Шевелятся, дергаются яркие волосяные щупальца, никак не соединить их, не составить порядка и связи.

Слабый ореол, как воспоминание на исподе век. Внутри него накаляется все черней угол стены. Там во дворе костер. В багровых отсветах всклокоченные волосы, влажно блестящие выпученные глаза, жующие, зубастые, осклабленные, неузнаваемые рты, полузнакомые лица, изображенные на упаковочном картоне бородатым соседом-художником: он, наконец, в самом деле вынес, поспешил спасти из ненадежных, опасных стен единственную свою потайную ценность, и теперь смотрел бессильно, в растерянности и смущеньи, как создания его переходят из рук в руки, под пьяный гогот и похабные комментарии, смотрел, не понимая ропота совершающейся беды, не узнавая того, что возвращалось к нему. Словно что-то менялось там от чужих взглядов или перегарного дыхания, что-то происходило на открытом воздухе, в неверных отсветах близкого огня с самодельными красками, с миром, сотворенным из окружающего материала и трепетных снов, выписанные подробно одежды расползались гнилыми неровными кружевами, на коже гладких румяных лиц проступали как бы пятна язв, поверхность шла мелкими гноящимися пузырьками, под ней открывались то ли воспаленные внутренности, то ли подмалевок первоначальной работы, очертания и фигуры, о которых, возможно, забыл или не подозревал сам художник (сквозь некоторые уже просвечивала пустая плоскость без горизонта).

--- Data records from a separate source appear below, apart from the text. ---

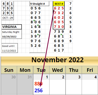 I made it clear on the sheet and the report for VA: the BEST numbers are the five red numbers. As you can see on the Excel sheet for Virginia for this week; the best number is 625 (it is on top of the list). By the way; these are all BOX numbers. 625 just hit VA as 256. Notice: it is also a straight number (526). IMPORTANT: If you only play the BEST red numbers on my sheets, you will get at least one hit most weeks! You are not going to hit every single week – but you will get a hit most weeks. The sheet is HERE.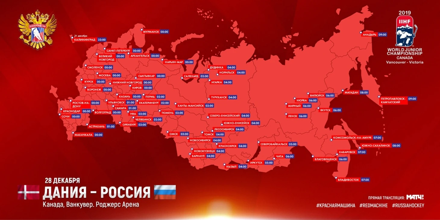 21.38 Матч начинается в 0.00 – но это по московскому времени. Сборная России побеспокоилась за вас – и сразу пересчитала начало матча на часовые пояса.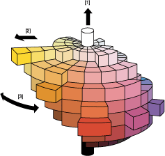 Veamos cómo identifican el color los humanos. Cuando vemos los colores de un objeto, pensamos que es rojizo o azulado, brillante u oscuro, e intenso o apagado. La sensación de lo que sentimos cuando pensamos que un objeto es "rojizo o azulado" se distingue en términos del tono. "Brillante u oscuro" se entiende como el valor de color (brillo), e "intenso o apagado" se identifica como la saturación. Estos elementos se denominan los tres atributos del color. El color liso (sistema de color Munsell) que se muestra a continuación es una expresión tridimensional de los tres atributos del color.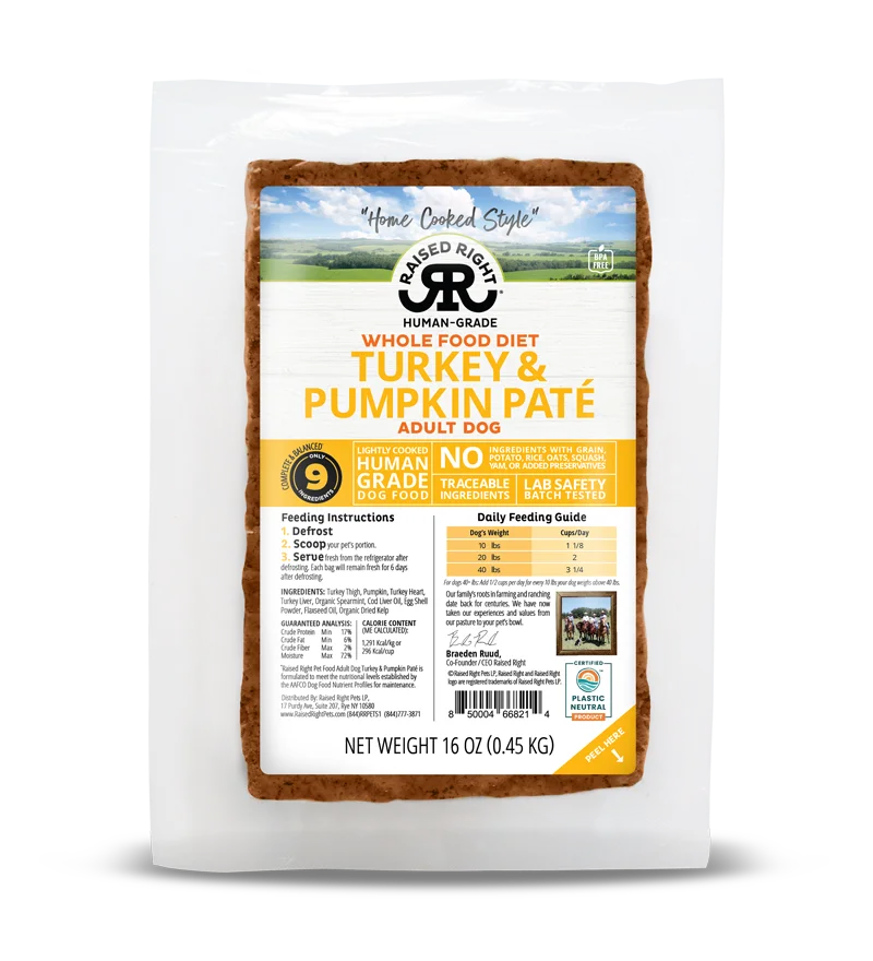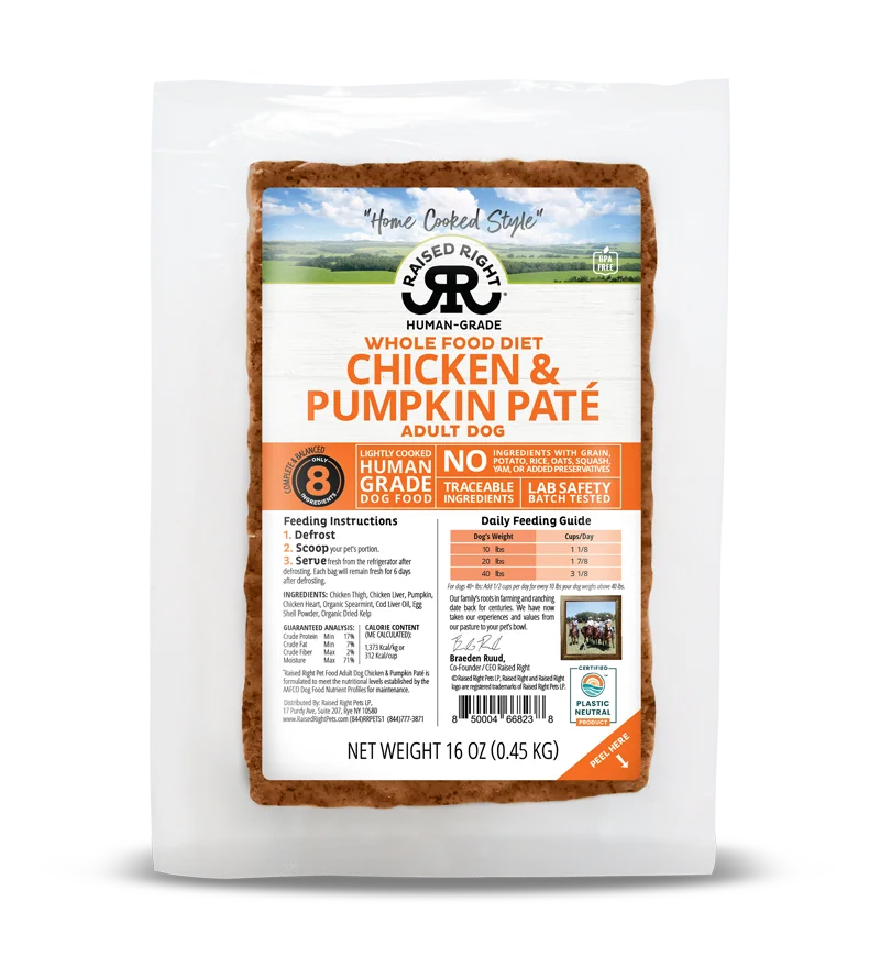Raised Right Frozen Whole Food Diet Human Grade Recipes for Adult Dogs

Распадалось и обнажалось то, что было так искусно и тщательно оформлено, упаковано в необходимую щадящую оболочку, чтобы взгляд мог остановиться, где нужно. Веселый оскал был вставленным в живое лицо протезом из прочного нетленного материала, а рот вокруг все заметней проваливался, и череп все чувствительней расползался по трещащим кривым швам от крика и хрипа выползающей, нарастающей боли, она продолжала выпирать из щелей и отверстий, подменяя музыку, заполняя глохнущее пространство — музыканты на площади лишь надували щеки, изображая усилие игры, металл их инструментов размягчался и оплывал: звучали не они.

На площади, у подножья памятника. С постамента осыпались буквы, памятник забыл свое имя, призывная бронзовая рука его все явственней опускалась от долголетней усталой тяжести вещества и никуда теперь не указывала, скорей готовилась просить подаяния. Там танцевали, топтались кто во что горазд, пьянчуги с лицами знакомых сборщиков бутылок. Кружилась, выставив перед собой палку, выжившая из ума старуха в двух халатах разного цвета, лиловом поверх зеленого. Воняющий мочой бродяга, упершись руками в асфальт, пытался изобразить фигуру виртуозного брейка. Женщина с румянцем и черными губами пошла навстречу мне, радуясь встрече, кривляясь и приподнимая в горстях, как приношение, голые груди, улыбка на ходу расползалась вместе с лицом…

Но я уже успел спрятался опять в темноту.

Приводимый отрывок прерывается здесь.